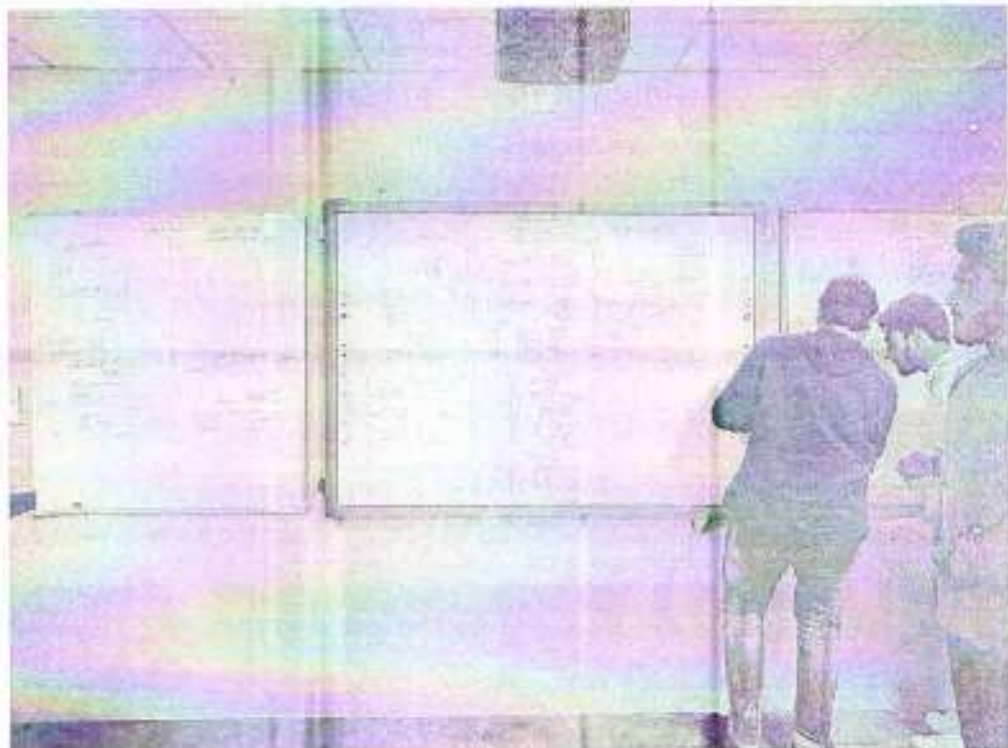
Second Syndicate drawing their proposed workflow for the App
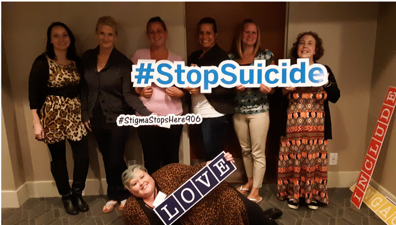
CTC COORDINATORS AT THE FOURTH ANNUAL UP SUICIDE PREVENTION CONFERENCE
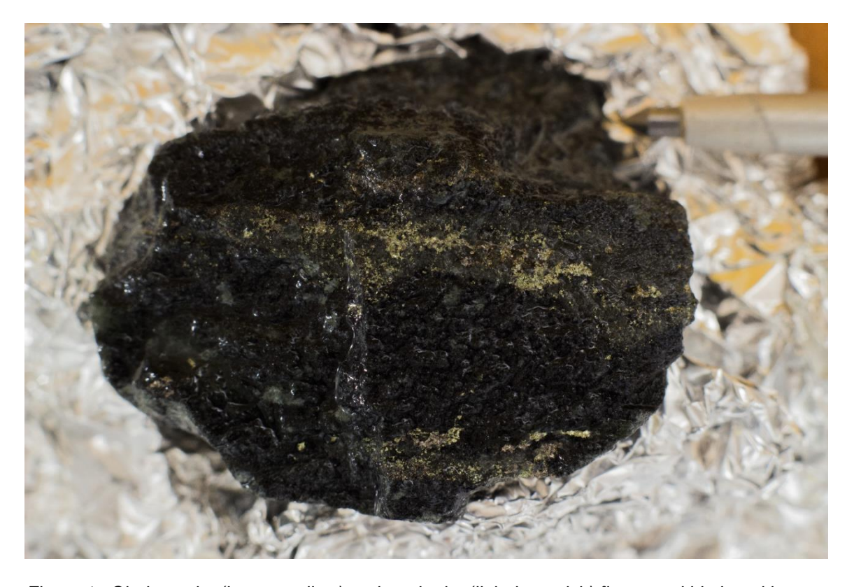
Figure 1. Chalcopyrite (brassy yellow) and pyrrhotite (light brownish) fiamme within basaltic lavas at 114m in hole TRBC113. Chip shown is approximately 1cm across in size.

The significance of the geological features encountered will be evaluated fully in the context of the DHEM survey results and multi-element geochemical analyses when they have been received and interpreted.
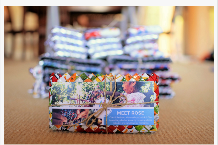
Stack of Mother Erth Clutches Ready to Send to Golden Globe Nominees

3 - Its Look. Mother Erth handbags make a bold, and uniquely beautiful statement. People who carry the bags often get asked about them wherever they go.
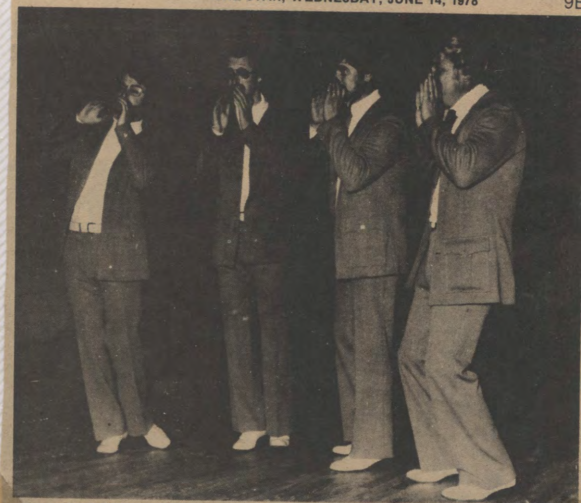
Banquet was treated some old time renditions by
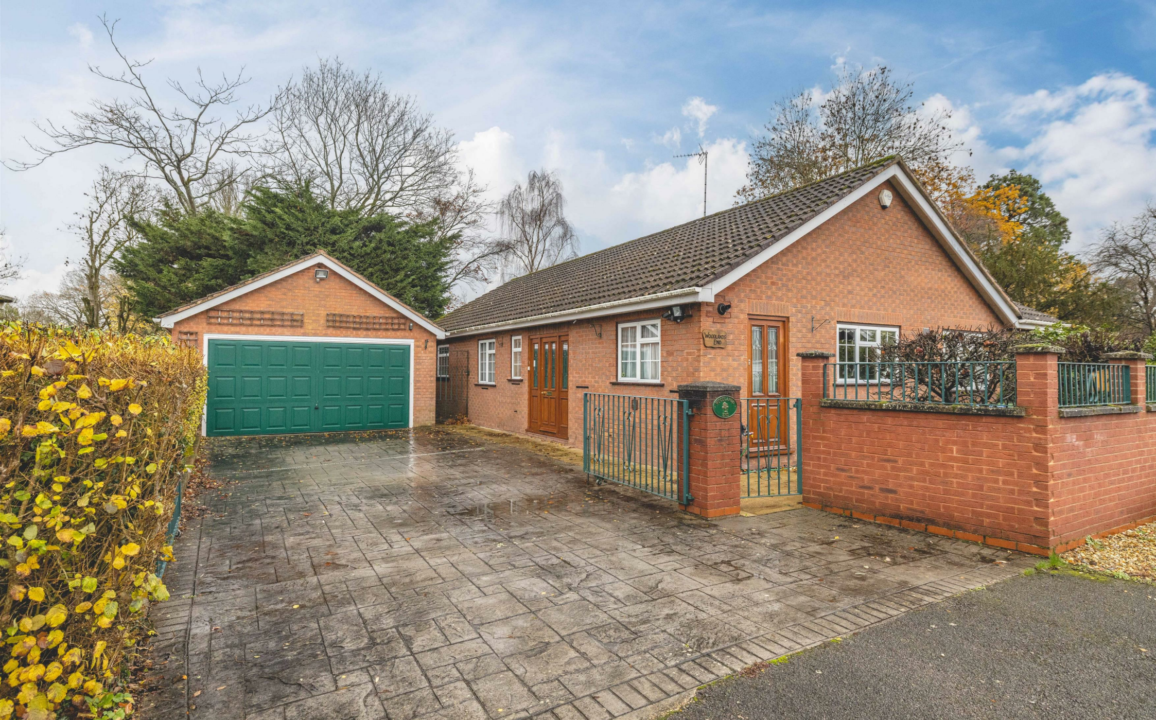
Woodlands End Woodland Avenue, Windsor, SL4 4AG £835,000
● ● ●
● **Task instructions**: Every line of the listing is to be repeated exactly, and the pictures are to be dropped.

● **Answer below**:
Second Syndicate drawing their proposed workflow for the App
CTC COORDINATORS AT THE FOURTH ANNUAL UP SUICIDE PREVENTION CONFERENCE
Figure 1. Chalcopyrite (brassy yellow) and pyrrhotite (light brownish) fiamme within basaltic lavas at 114m in hole TRBC113. Chip shown is approximately 1cm across in size.

The significance of the geological features encountered will be evaluated fully in the context of the DHEM survey results and multi-element geochemical analyses when they have been received and interpreted.
Stack of Mother Erth Clutches Ready to Send to Golden Globe Nominees

3 - Its Look. Mother Erth handbags make a bold, and uniquely beautiful statement. People who carry the bags often get asked about them wherever they go.
Banquet was treated some old time renditions by
Woodlands End Woodland Avenue, Windsor, SL4 4AG £835,000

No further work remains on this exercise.